Despite the global economic woes if 2020, Israel’s raising of $1.2 billion of new equity in September alone, smashed records of the most amount of money raised in a month. SNC Finder database said this demonstrated the force of Israel’s entrepreneurship ecosystem.
Leading from this financial victory, the money raised in Q3 of 2020 by Israeli private high-tech companies was an incredible $2.74 billion, a 24% increase from 2019, despite the global economic downturn. Life science firms took prime place in Q3, with one in four deals being from this sector.
Furthermore, in the first nine months of 2020, Israeli tech companies raised $7.5 billion, and was close to the total amount raised in the whole of 2019. And incredibly, in a year where global economies have been brought to their knees.

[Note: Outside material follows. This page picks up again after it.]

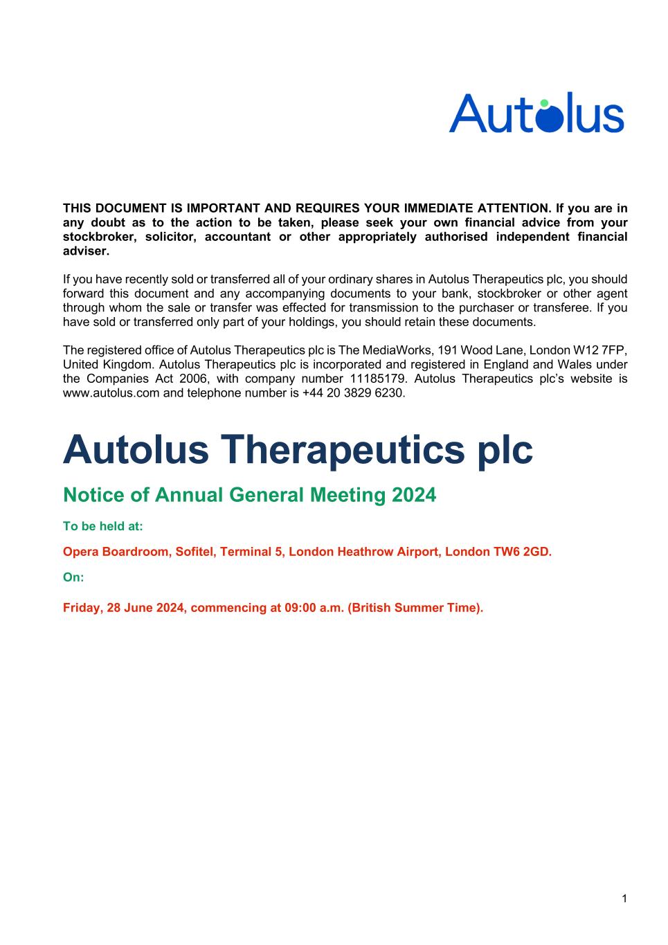 1 THIS DOCUMENT IS IMPORTANT AND REQUIRES YOUR IMMEDIATE ATTENTION. If you are in any doubt as to the action to be taken, please seek your own financial advice from your stockbroker, solicitor, accountant or other appropriately authorised independent financial adviser. If you have recently sold or transferred all of your ordinary shares in Autolus Therapeutics plc, you should forward this document and any accompanying documents to your bank, stockbroker or other agent through whom the sale or transfer was effected for transmission to the purchaser or transferee. If you have sold or transferred only part of your holdings, you should retain these documents. The registered office of Autolus Therapeutics plc is The MediaWorks, 191 Wood Lane, London W12 7FP, United Kingdom. Autolus Therapeutics plc is incorporated and registered in England and Wales under the Companies Act 2006, with company number 11185179. Autolus Therapeutics plc’s website is www.autolus.com and telephone number is +44 20 3829 6230. Autolus Therapeutics plc Notice of Annual General Meeting 2024 To be held at: Opera Boardroom, Sofitel, Terminal 5, London Heathrow Airport, London TW6 2GD. On: Friday, 28 June 2024, commencing at 09:00 a.m. (British Summer Time).

Many people believe that Israel’s focus on technology started seriously only in 2012. However, as early as 1998, Newsweek named Tel Aviv one of the ten technologically most influential cities in the world. By 2010, Israel had 140 scientists and technicians per 10,000 employees – one of the highest ratios in the world. And in 2012, an international study ranked Tel Aviv second only to Silicon Valley, as the best place in the world to launch a high-tech start-up company.

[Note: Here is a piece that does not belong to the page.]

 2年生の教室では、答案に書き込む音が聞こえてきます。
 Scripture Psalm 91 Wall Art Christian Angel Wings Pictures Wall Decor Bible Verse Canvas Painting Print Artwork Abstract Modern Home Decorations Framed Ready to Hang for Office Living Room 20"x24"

Venture capitalist, Edouard Cukierman believes that Israel’s highly skilled workforce who power the high-tech economic engine, are primarily responsible for luring international investors. “Technological entrepreneurship has turned us into a regional and global influencer,” he said. In fact, around 85% of funds invested in Israeli startups comes from overseas, mostly from the U.S., but also from Europe and Asia.
Founder and Executive Chairman of international venture capital firm, Jerusalem Venture Partners, Dr. Erel Margalit, said, “Israel has been a case study for how innovation can change a country and transform the world.”
Former President of Israel, Shimon Peres, once said, “In Israel, a land lacking in natural resources, we learned to appreciate our greatest national advantage: our minds. Through creativity and innovation, we transformed barren deserts into flourishing fields and pioneered new frontiers in science and technology.”